Before American Library Association (ALA) President Wanda Kay Brown introduced political leader and bestselling author Stacey Abrams as the featured speaker of her President’s Program at ALA Virtual on June 25, she made an impassioned plea to diversify the profession.
Brown prefaced the main event—a conversation between Abrams and ALA Executive Director Tracie D. Hall—by noting how both COVID-19 and police brutality disproportionately affect African Americans and other communities of color. “The coronavirus is new, unlike racism, which is as old as time,” she said. Brown asked if deaths like George Floyd’s could have been prevented if more Black people were represented in positions of power—in legislatures, state houses, in publishing, in librarianship. “Would that make a difference?”
She urged the redoubling of efforts to diversify the field, saying it was “necessary and urgent.” Increasing representation would be a “big step forward,” Brown said. “It won’t bring back any of those we have lost tragically, but it might begin the process of healing and move us toward justice.”
Disenfranchisement and police brutality
Abrams—who served 11 years in the Georgia House of Representatives and in 2018 ran for governor of Georgia, a seat she has famously refused to concede because of allegations of voter suppression—has continued to fight for civic engagement. Her name has been discussed as a potential running mate for Joe Biden.
Hall began her interview by asking Abrams about disenfranchisement and the use of deadly force by police, especially of Rayshard Brooks in Abrams’s home state of Georgia.

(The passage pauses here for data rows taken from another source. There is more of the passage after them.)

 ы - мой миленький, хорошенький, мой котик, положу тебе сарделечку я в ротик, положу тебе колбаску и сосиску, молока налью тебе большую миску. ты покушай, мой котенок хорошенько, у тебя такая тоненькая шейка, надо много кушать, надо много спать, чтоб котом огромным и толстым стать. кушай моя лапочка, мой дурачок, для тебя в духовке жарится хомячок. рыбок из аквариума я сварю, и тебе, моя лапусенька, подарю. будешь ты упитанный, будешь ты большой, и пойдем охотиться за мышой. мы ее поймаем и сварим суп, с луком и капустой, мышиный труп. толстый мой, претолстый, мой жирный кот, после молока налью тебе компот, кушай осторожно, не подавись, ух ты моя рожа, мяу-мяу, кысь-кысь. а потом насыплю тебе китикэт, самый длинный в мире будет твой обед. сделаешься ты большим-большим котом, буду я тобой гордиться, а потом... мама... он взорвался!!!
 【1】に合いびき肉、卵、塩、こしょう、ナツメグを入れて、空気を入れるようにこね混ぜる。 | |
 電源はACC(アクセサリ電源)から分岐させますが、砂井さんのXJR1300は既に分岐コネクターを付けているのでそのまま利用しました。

Abrams said the nation is in the midst of “two massive conversations.”
First, she noted the “disproportionate effects of inequities that have been laid bare by COVID-19.” She cited that African Americans are twice as likely to contract the virus than any other community in the US, despite representing only 13% to 14% of the nation’s population. What’s more, she noted, was not only the illness and death from the pandemic but also the economic collapse that has ensued.
Second, she said, were the “twin horrors” of police brutality and systemic injustices.

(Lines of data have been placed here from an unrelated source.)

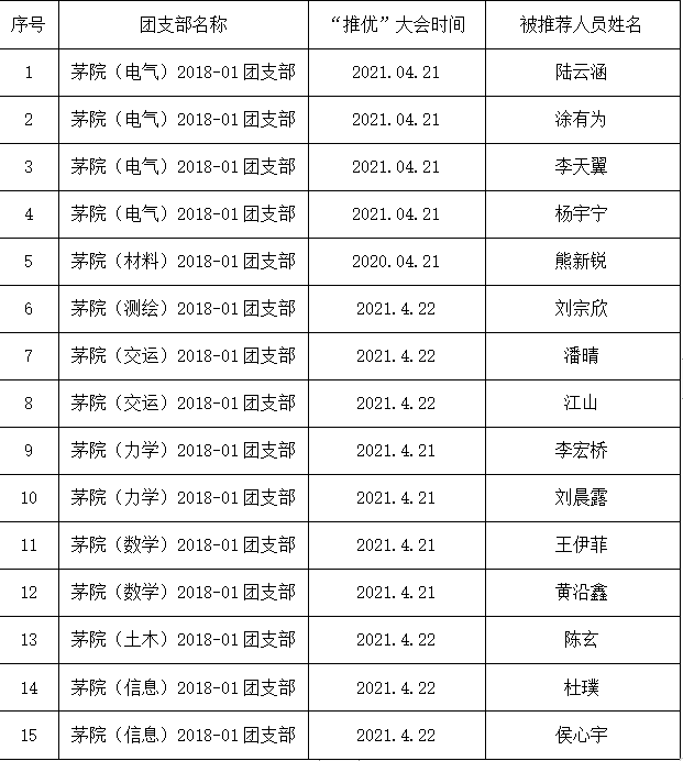 共青团组织积极向党组织推荐优秀团员青年作入党积极分子是“党建带团建,团建促党建”工作的重要切入点,是党对共青团提出的具体要求,也是共青团作为党的助手和后备军的具体体现。为使“推优”工作规范化、透明化、公开化,特将2021-01期“推优”名单公示如下: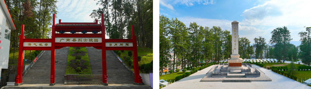 广南县烈士陵园始建于1954年4月,1974年1月迁建于现址,位于云南省广南县城铜鼓广场旁绿秀坡,面积14124平方米。自广南县退役军人事务局成立以来,多次对烈士陵园进行提质改造,设施齐全、环境优美、庄严肃穆。陵园内有烈士墓区、纪念碑、纪念广场、烈士纪念馆及相关配套设施。纪念广场14124平方米,矗立革命烈士纪念塔,题刻毛泽东主席的书法字体“人民英雄永垂不朽”,塔座铭刻序言、烈士名录、纪念浮雕。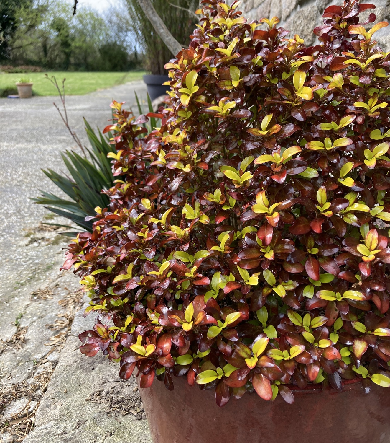 Cette variété offre un feuillage jaune et vert, virant au bronze cuivré aux premiers froids. Ce petit buisson arrondi et dense apporte des couleurs vives au jardin en toute saison.

Abrams suggested the need for reformation. In terms of police policy, she said, there need to be restrictions on policies, changing behavior, eliminating immunity, eliminating the use of chokeholds, and following the best practices of what’s being done in other nations. “When these changes are put in place, lives become safer.”
She also called for a focus on transformation. That, Abrams said, entails restructuring how we invest with redistributive economic policies: putting more money into health care, education, and affordable housing. “If some of those dollars need to be siphoned away from having social workers with guns, then that is our obligation.”
We must call out injustices, she said. “Part of their persistence is that we have these flares of recognition” and then “we forget what we know.” Abrams added: “When there is calamity, it visits Black Americans first and hardest.”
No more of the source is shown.